Dieselbe Erkenntnis haben z. T. unabhängig voneinander eine Reihe tiefer Denker gefunden. Vor allem klar und überzeugend hat sie +Ludwig Feuerbach+ (»Das Wesen des Christentums«) dargestellt. Überall, bei allen Religionen, wies er das gleiche Schauspiel nach: die Selbstdarstellung des Menschen in seinen Göttern. Der Mensch kann eben über sein eigenes Wesen nicht hinaus. »Was dem Menschen Gott ist, das ist +sein+ Geist, +seine+ Seele; Gott ist das offenbare Innere, das ausgesprochene Selbst des Menschen.« Es ist das gleiche, wenn +Anatole France+ sagt: »Die Götter haben den Menschen das Leben zu verdanken, denn ihr Wesen besteht aus den Gedanken und Gefühlen ihrer Anbeter«, oder, wie es +Walt Whitman+ ausdrückt: »Nicht die Religionen schaffen den Menschen, sondern der Mensch die Religionen.« Gleicher Überzeugung lebten +Max Stirner+ und +Friedrich Nietzsche+, leben +Maeterlinck+, +J. P. Jacobsen+, +Ellen Key+ (»Der Lebensglaube«, S. 552, wo man weitere Belege findet) und vor allem auch, es noch weiter ausbauend und tiefer erfassend, +Eduard von Hartmann+, über dessen Auffassung wir uns am schnellsten belehren lassen durch +W. von Schnehen+ (»Der Volkserzieher«, X. Nr. 19, S. 151): »Ich bin mir bewußt, daß mein wahres Selbst Gott ist, und dieser Tatsache mir bewußt zu werden und danach zu handeln, oder, wie es Schiller ausdrückt, Gott in meinen Willen aufzunehmen, das ist meine wahre Aufgabe, wenn ich als religiöser Mensch leben will.

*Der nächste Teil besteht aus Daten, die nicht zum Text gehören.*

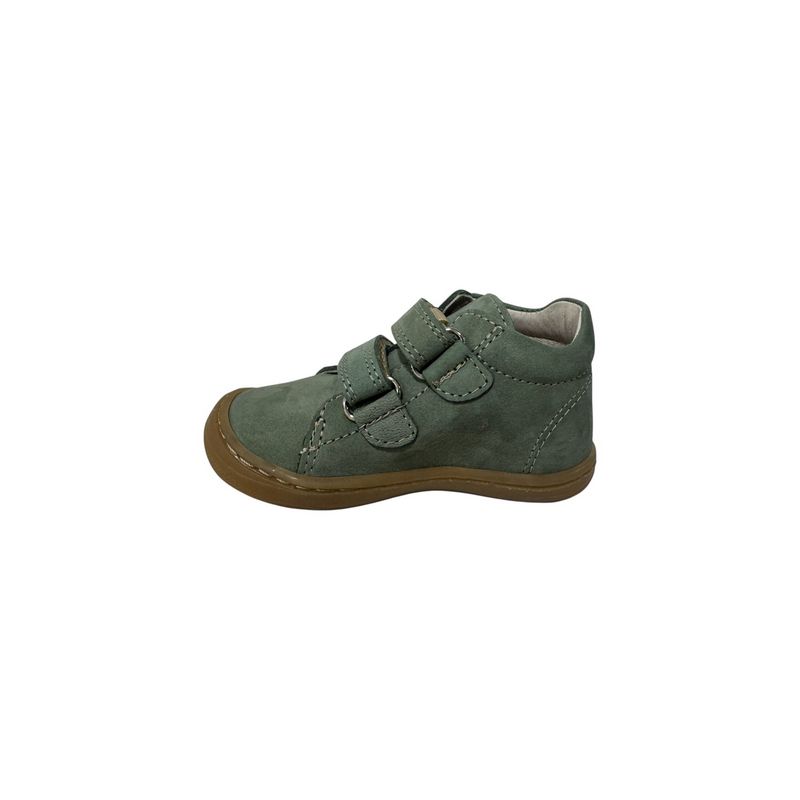 Cette chaussure Bellamy Loulou en version vert sage est un modèle pratique et robuste, idéal pour les enfants qui gagnent en autonomie. Conçue en cuir nubuck tout doux, elle se ferme en un clin d’œil grâce à ses deux bandes auto-agrippantes, permettant un ajustement facile et rapide. Sa forme montante assure un excellent maintien de la cheville, tandis que sa semelle en gomme marron offre la souplesse et l’adhérence nécessaires aux premiers pas. Avec son design épuré et son coloris naturel, c’est un basique confortable qui allie parfaitement qualité de fabrication française et simplicité d’utilisation.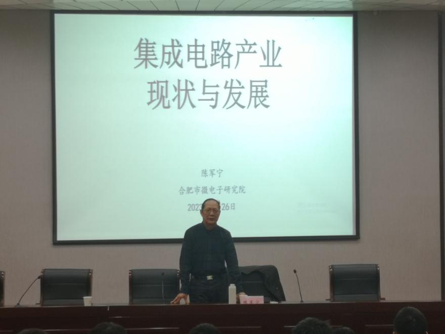 4月26日下午,安徽大学陈军宁教授应邀在致知楼报告厅做关于“集成电路产业现状与发展”的学术报告。院长叶松主持了报告会,学院部分教师、电子科学与技术专业和微电子科学与工程部分学生认真聆听了本次报告。
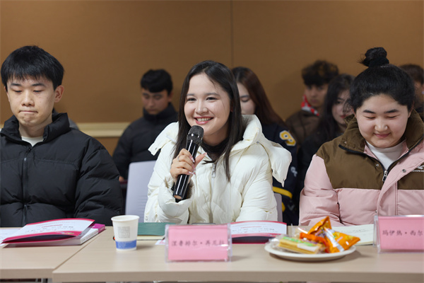 “希望食堂增设新疆饭菜窗口”“建议为专升本的同学提供更便利条件,后续能得到更有针对性的辅导”“让哈萨克族舞蹈参与学校活动表演,增进各民族同学之间的相互了解与尊重”“来到学校后我变外向了,通过老师悉心培养我做了主持人,还拿奖了,以后毕业了想留在湖北”……现场气氛热烈而温馨,洋溢着浓浓的团结氛围,少数民族学生代表们结合自身经历踊跃发言,从学业发展、就业前景、校园生活、职业规划等多个维度,分享了他们在校期间的成长历程与收获感悟。老师们认真倾听每一位同学的发言,相关部门负责人不时记录要点,并针对提出的问题建议现场逐一进行细致解答。

Aber mein Bewußtsein von dieser meiner wesenhaften Einheit mit Gott ist nicht diese Einheit selbst, mein Gedanke an die Gottheit ist nicht schon die Gottheit und die Vorstellung meines Selbst (d. h. mein Ich) nicht das wirkliche Sein dieses Selbst, sondern eben nur dessen mehr oder minder unvollkommenes Spiegelbild im Bewußtsein.«

»Es ist das der +konkrete Monismus+ im Gegensatz zu dem abstrakten Monismus der Inder und Mystiker, wie des +Angelus Silesius+, welcher sagte: »Ohne mich kann Gott nicht leben; rufe nicht nach Gott, denn die Quelle ist in dir; wer nicht Gott wird, sieht Gott niemals.« Über diesen konkreten Monismus, dem also Geister wie Spinoza, Lessing, Goethe, Kant, Herder, Schiller, Fichte, Hebbel, Schelling, Schopenhauer, Lange, Fechner vorgearbeitet haben, lese man +E. v. Hartmanns+ »Religion des Geistes« und wie +W. v. Schnehen+ (a. a. O.) lebhaft empfiehlt: +Arthur Drews+ neue Schrift, »Religion des Selbstbewußtseins« (Eugen Diederichs Verlag), die er als »eines der schönsten und tiefsinnigsten Werke der gesamten religiösen Literatur« bezeichnet, die ich selbst aber noch nicht kenne.

Ich glaube, selbst Christus hätte den Monismus gelten lassen. Nicht aber -- natürlich -- können ihn der Papst und Stöcker gelten lassen.

Das alte Rom bestand jahrhundertelang mit einem ganzen Blumenkorb voll Göttern, auch Griechenland ist nicht an seinen vielen philosophischen und theosophischen Systemen zugrunde gegangen.

Es ist ein Nonsens, 60 Millionen Deutsche, deren jeder seinen eigenen Kopf hat, auf einige Dutzend alter Glaubenssätze verpflichten zu wollen. Gelingt es, so feiern die Heuchelei und die Lüge, der Stumpfsinn und die Gleichgültigkeit wahre Orgien. Davor möge uns ein guter Geist behüten!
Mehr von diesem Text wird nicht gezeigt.